Carlo était encore joueur, il exigeait le max à l’entraînement, mais une fois fini, il racontait des histoires drôles, nous emmenait manger, c’était un boute-en-train, un mec très terre à terre. À la Reggiana, on avait construit une équipe pour gagner le championnat, mais c’était mal parti, à tel point que la direction voulait le lourder, sauf que nous, joueurs, on s’y est opposés... et on a été promus en Serie A, une première pour ce club. Maintenant, Ancelotti était un prédestiné, il aurait quoi qu’il en soit fait une grosse carrière.

Vous avez connu deux Lazio, celle de Cragnotti et celle de Lotito.
Et deux équipes complètement différentes. Avec Cragnotti, on partait à chaque fois pour gagner le titre, on était connus dans le monde entier. Cette Lazio était la plus forte d'Italie et peut-être d’Europe, on a loupé un match en Ligue des champions contre Valence, sinon on l’aurait gagnée. D’ailleurs, on a gagné beaucoup moins que ce qu’on aurait pu, mais aussi parce que Rome n’est pas une ville facile, elle est très dispersive, si cette équipe avait été basée à Turin et à Milan, elle aurait raflé plus de titres, même si on n’a pas eu à se plaindre, hein.

Vous n’avez jamais été proche d’une convocation en Nazionale ?
J’ai été convoqué une seule fois et c’était pour la Nazionale de Serie B, mais je me suis troué lors du match précédent et, du coup, je n’ai pas joué. En fait, je n’ai jamais porté le maillot d’une sélection italienne, sauf maintenant avec les seniors. C’est vrai qu’il y avait de la concurrence, mais peut-être que j’aurais pu être convoqué au moins une fois, surtout l’année de Parme où j’ai gagné un Guerin d’oro (joueur le mieux noté du championnat, ndlr) comme meilleur portier, mais bon, ceux qui étaient en Nazionale étaient meilleurs que moi.

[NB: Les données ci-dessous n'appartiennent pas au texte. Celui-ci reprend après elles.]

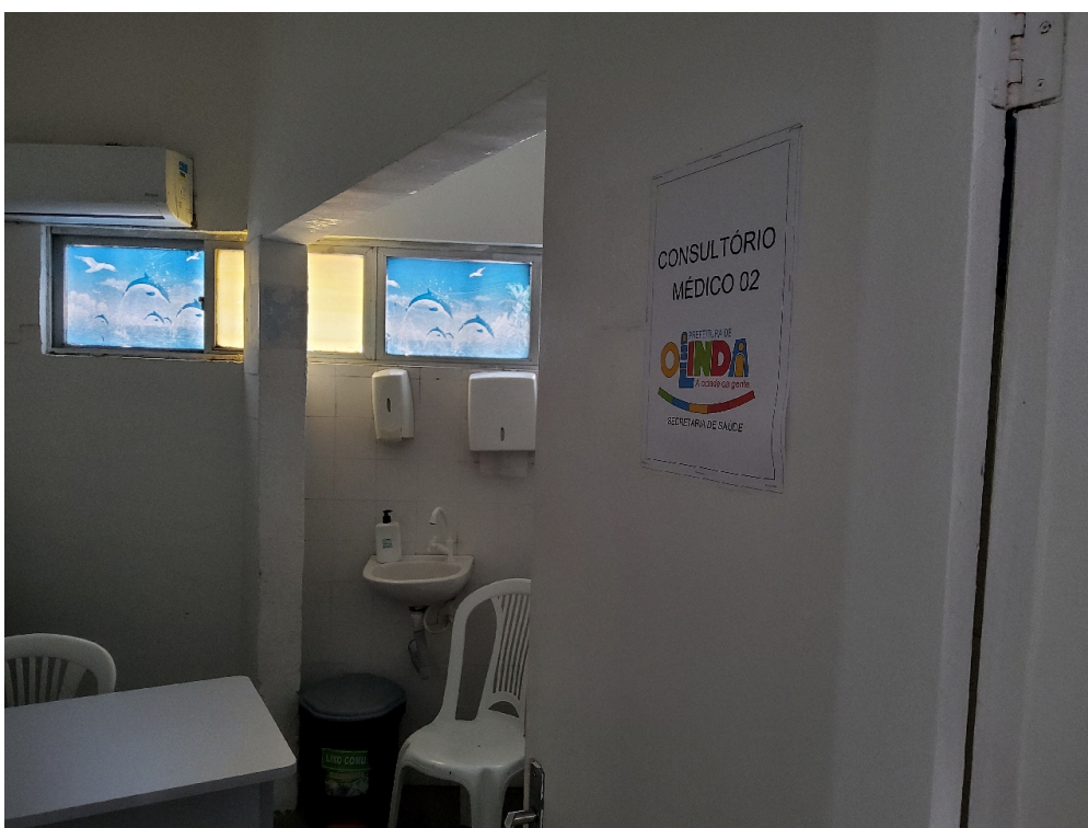
ESTRUTURA DA UNIDADE - Consultório Médico

Après Buffon, l’Italie assiste à la naissance d’un nouveau phénomène en la personne de Donnarumma, or, la moitié des cages de Serie A sont gardées par des portiers étrangers, qu'en pensez-vous ?

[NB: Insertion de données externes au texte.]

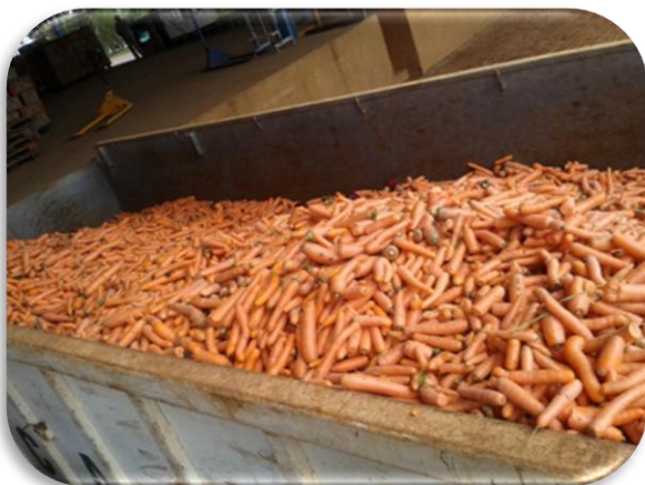
CASG e SEKITA: Doação de Cenoura e Beterraba (São Gotardo)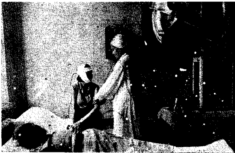
Au cat Au cabinet de traitement médical d'un Prophylactorium de travail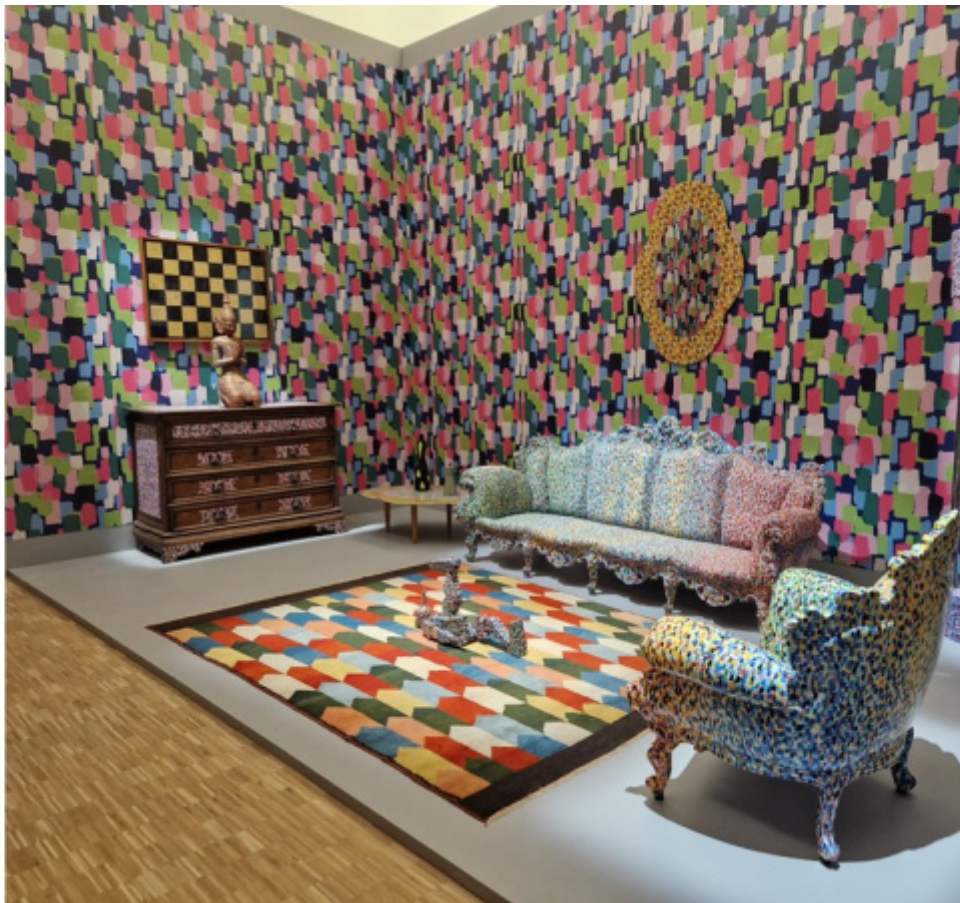
Scorci dell'allestimento della mostra. A sinistra: un evidente omaggio di Pierre Charpin all'ultimo Wassily Kandinsky. A destra una delle Stanze , in cui è massiccio il metodo Proust.

Una sala cinema ospita poi la proiezione di un video realizzato con materiali d'archivio inediti, tra cui il documentario di Muse Volevo essere Walt Disney (2016). La regia è di Francesca Molteni; il testo di Fulvio Irace; la voce narrante, invece, è quella di Sandro Lombardi di Magazzini Criminali, con cui Mendini ha collaborato.

Quand, en fin de carrière, on me demandait pourquoi je jouais encore à 44 ans, je répondais qu’il n’y avait pas de nouveaux à la hauteur. Je n’étais pas le seul quarantenaire, il y avait aussi Pagliuca et Fontana. Pendant 10 ans, il y a eu un vide, et heureusement que Buffon tenait la baraque. Maintenant, c’est une tendance qui s’inverse, il y a Donnarumma, mais aussi d’autres jeunes portiers qui s’illustrent en Serie A et B. Et il était temps, car notre école a toujours été une des meilleures.

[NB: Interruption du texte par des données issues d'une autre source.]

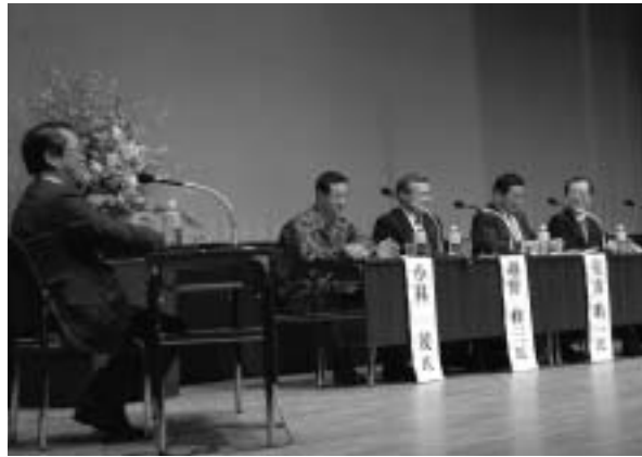
防災の拠点づくりについて意見交換したパネルディスカッション

Dernièrement, Buffon semble remettre en question sa retraite programmée pour 2018, que lui conseillez-vous ?
C’est une situation différente, c’est le gardien de la Juve et de la Nazionale et il doit être toujours à 100 %. Tant qu’il est en condition physique et mentale, il doit continuer un ou deux ans, mais dès qu’il sentira qu’il baissera, il devra s’arrêter. Il a fait une carrière trop importante pour baisser de niveau, il ne lui manque que la Ligue des champions que je lui souhaite de gagner le plus rapidement possible.